Emerging from the forest, the valley opened in front of us. A small deck near an enclave of prayer flags provided the perfect resting spot from which we could look for the nesting black-necked cranes. The cranes migrate from Tibet, arriving in Bhutan near the end of October. They winter here in Phobjikha Valley, returning to Tibet around February. Supposedly, every year the cranes circle Gangtey Goemba three times when arriving and departing the valley on their way to and from Tibet.
We were quite far away from several groups nesting down the hill, but in the midst of looking at them several other flocks took flight and passed us going east. Black-necked cranes are endangered, numbering between 5,500 and 6,000. In the end, it was nicer to just put down the camera and watch them fly over us for there was something intangibly special about plainly seeing this endangered species for what may have been the one and only time in my life.
Turning to the east, Kinga led us down the hill farther into the valley. We saw a handful of nesting cranes here and there, sometimes among the grazing livestock. It seems the livestock isn’t helping the health of the valley’s low-lying wetlands — eating the grasses and trammeling paths across the habitat of the black-necked cranes.

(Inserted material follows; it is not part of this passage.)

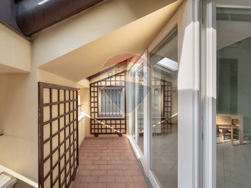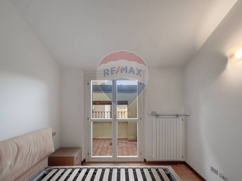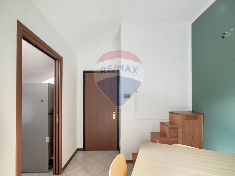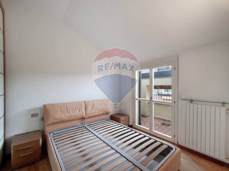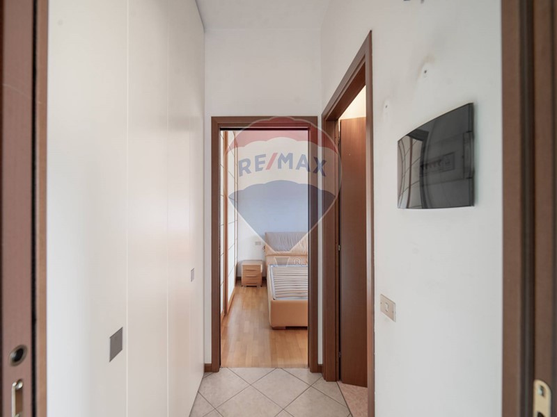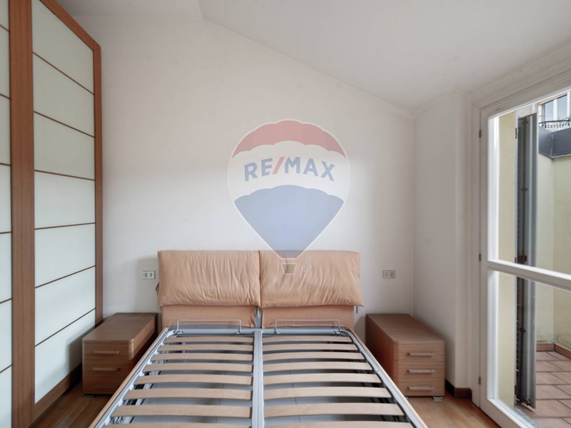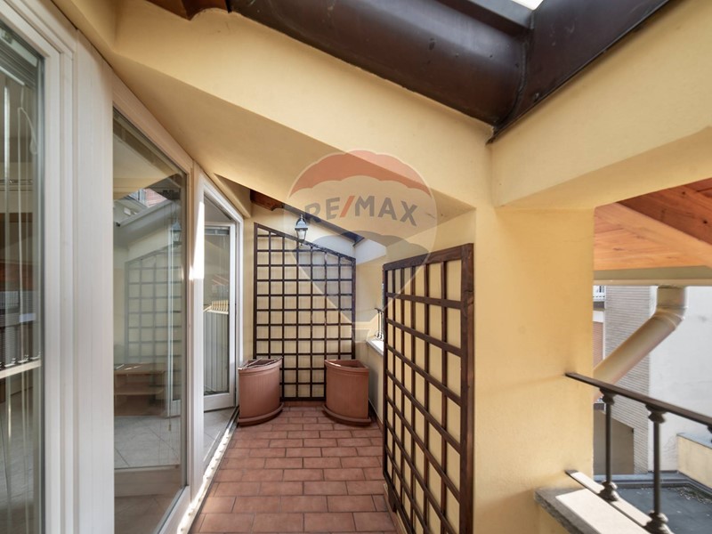 La cucina, separata e particolarmente luminosa, è dotata di due finestre, di cui una con velux motorizzato che garantisce unottima aerazione. Il bagno finestrato è completo di vasca con doccia, mentre il disimpegno ospita un pratico armadio a muro realizzato su misura. La camera matrimoniale, spaziosa e accogliente, dispone di un ulteriore balcone che rende lambiente arioso e luminoso.

We made one last stop before departing the valley at the Black-necked Crane Information Centre. A resident nearby opened it upon our arrival — that day we were the only tourists as far as the eye could see. It’s an impressive center with lots of information about the cranes, a viewing room and two high-powered telescopes which enable you to see nesting groups far up the hillside near the base of the treeline. So far this year they had counted over 300 cranes in the valley.

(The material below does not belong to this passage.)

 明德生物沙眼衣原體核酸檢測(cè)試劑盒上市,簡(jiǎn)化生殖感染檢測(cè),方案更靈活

We walked outside for one last view before departing Phobjikha Valley. It isn’t often that I visit a place and become aware of the absence of something, but the absence of noise in Bhutan is noticeable. It is such a quiet country. There was no noise overhead — no engines buzzing as aircraft and people fly from one place to another. There was little noise on the ground — just a handful of roads have few cars and trucks compared to anywhere else in the world. There was no raucous nightlife or 24/7 need for convenience that drives this society into the wee hours of the morning. People sleep, wake and live like the rest of us used to. Yes, the Bhutanese have mobile phones, computers and televisions, but they’ve somehow managed to keep out the peripheral madness that often accompanies these advances. In many ways Bhutan seems to have astutely watched and learned from the rest of the world — taking what works (organic farming, conservation, regulated tourism, democratic voting with over 80% voter turnout) and discarding what doesn’t. Bhutan is very wisely marching to its own drum, making beautiful music in the process.